#### DATASET EXCERPTS:
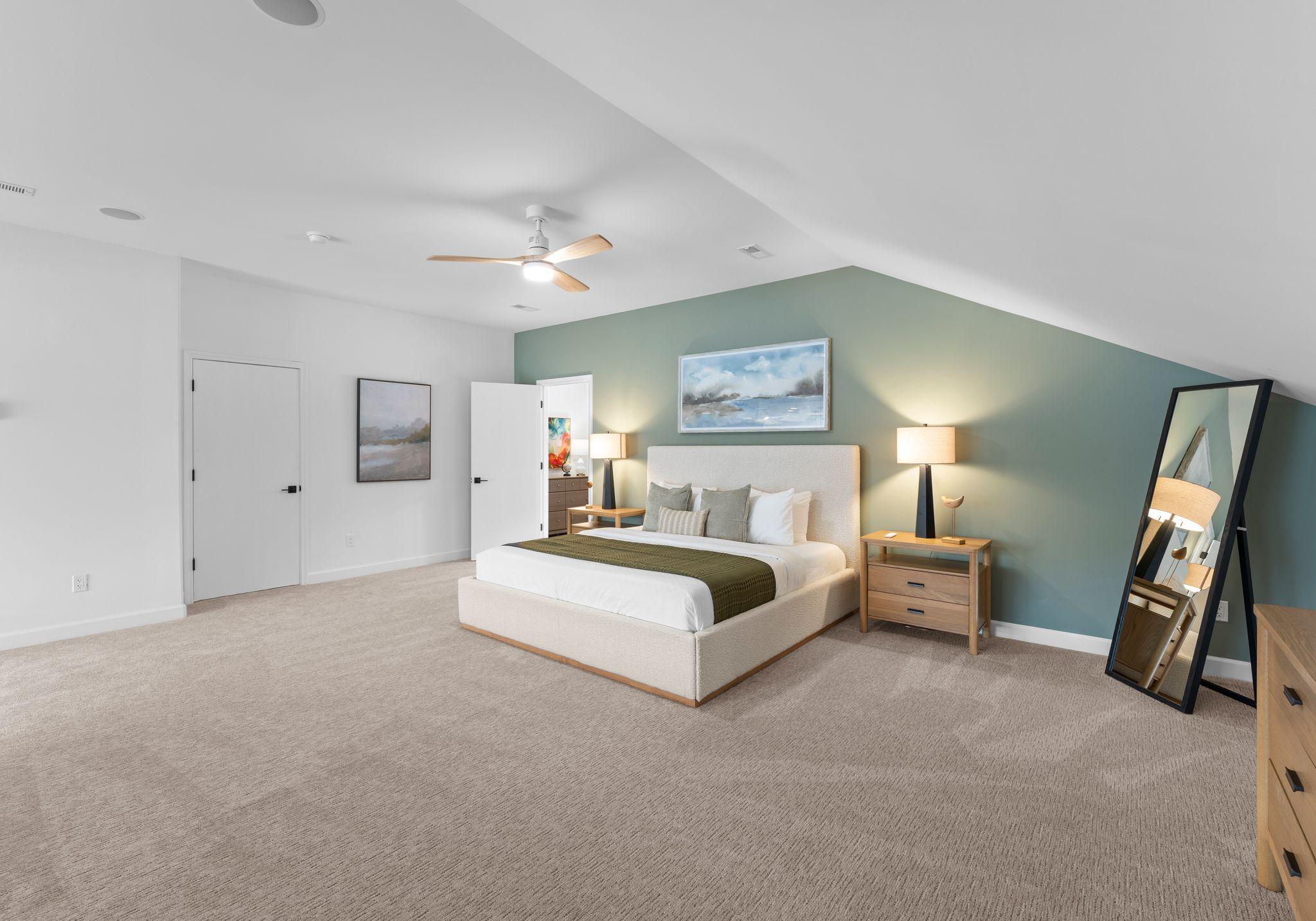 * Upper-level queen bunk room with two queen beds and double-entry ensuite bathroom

==

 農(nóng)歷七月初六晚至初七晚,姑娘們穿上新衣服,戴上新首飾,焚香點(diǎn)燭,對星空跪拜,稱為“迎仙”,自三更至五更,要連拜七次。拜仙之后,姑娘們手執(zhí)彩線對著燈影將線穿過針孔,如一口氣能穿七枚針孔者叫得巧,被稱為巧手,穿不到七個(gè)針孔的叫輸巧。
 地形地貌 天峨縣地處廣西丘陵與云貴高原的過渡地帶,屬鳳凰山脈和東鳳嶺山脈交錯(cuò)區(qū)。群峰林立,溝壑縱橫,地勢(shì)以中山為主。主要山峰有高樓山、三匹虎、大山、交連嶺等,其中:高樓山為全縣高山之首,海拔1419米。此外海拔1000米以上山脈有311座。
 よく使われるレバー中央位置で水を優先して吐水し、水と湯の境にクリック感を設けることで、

==

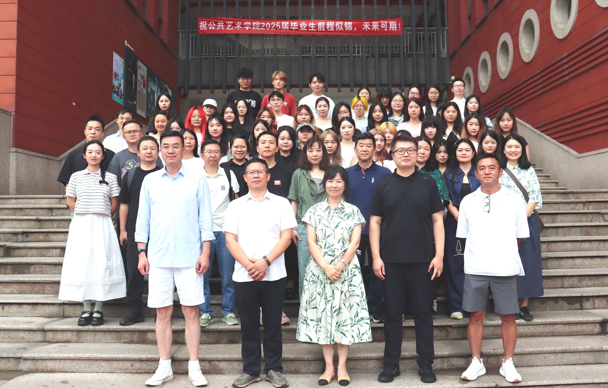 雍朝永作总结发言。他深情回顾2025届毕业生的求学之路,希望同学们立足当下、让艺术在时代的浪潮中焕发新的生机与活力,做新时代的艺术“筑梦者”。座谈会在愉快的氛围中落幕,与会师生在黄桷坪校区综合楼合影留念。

#### WHAT TO DO:
Working from the records above, write out verbatim only the lines from the line containing "農(nóng)歷七月初六晚至" through the line containing "よく使われるレバー中央位置で".

#### ANSWER SECTION:
 農(nóng)歷七月初六晚至初七晚,姑娘們穿上新衣服,戴上新首飾,焚香點(diǎn)燭,對星空跪拜,稱為“迎仙”,自三更至五更,要連拜七次。拜仙之后,姑娘們手執(zhí)彩線對著燈影將線穿過針孔,如一口氣能穿七枚針孔者叫得巧,被稱為巧手,穿不到七個(gè)針孔的叫輸巧。
 地形地貌 天峨縣地處廣西丘陵與云貴高原的過渡地帶,屬鳳凰山脈和東鳳嶺山脈交錯(cuò)區(qū)。群峰林立,溝壑縱橫,地勢(shì)以中山為主。主要山峰有高樓山、三匹虎、大山、交連嶺等,其中:高樓山為全縣高山之首,海拔1419米。此外海拔1000米以上山脈有311座。
 よく使われるレバー中央位置で水を優先して吐水し、水と湯の境にクリック感を設けることで、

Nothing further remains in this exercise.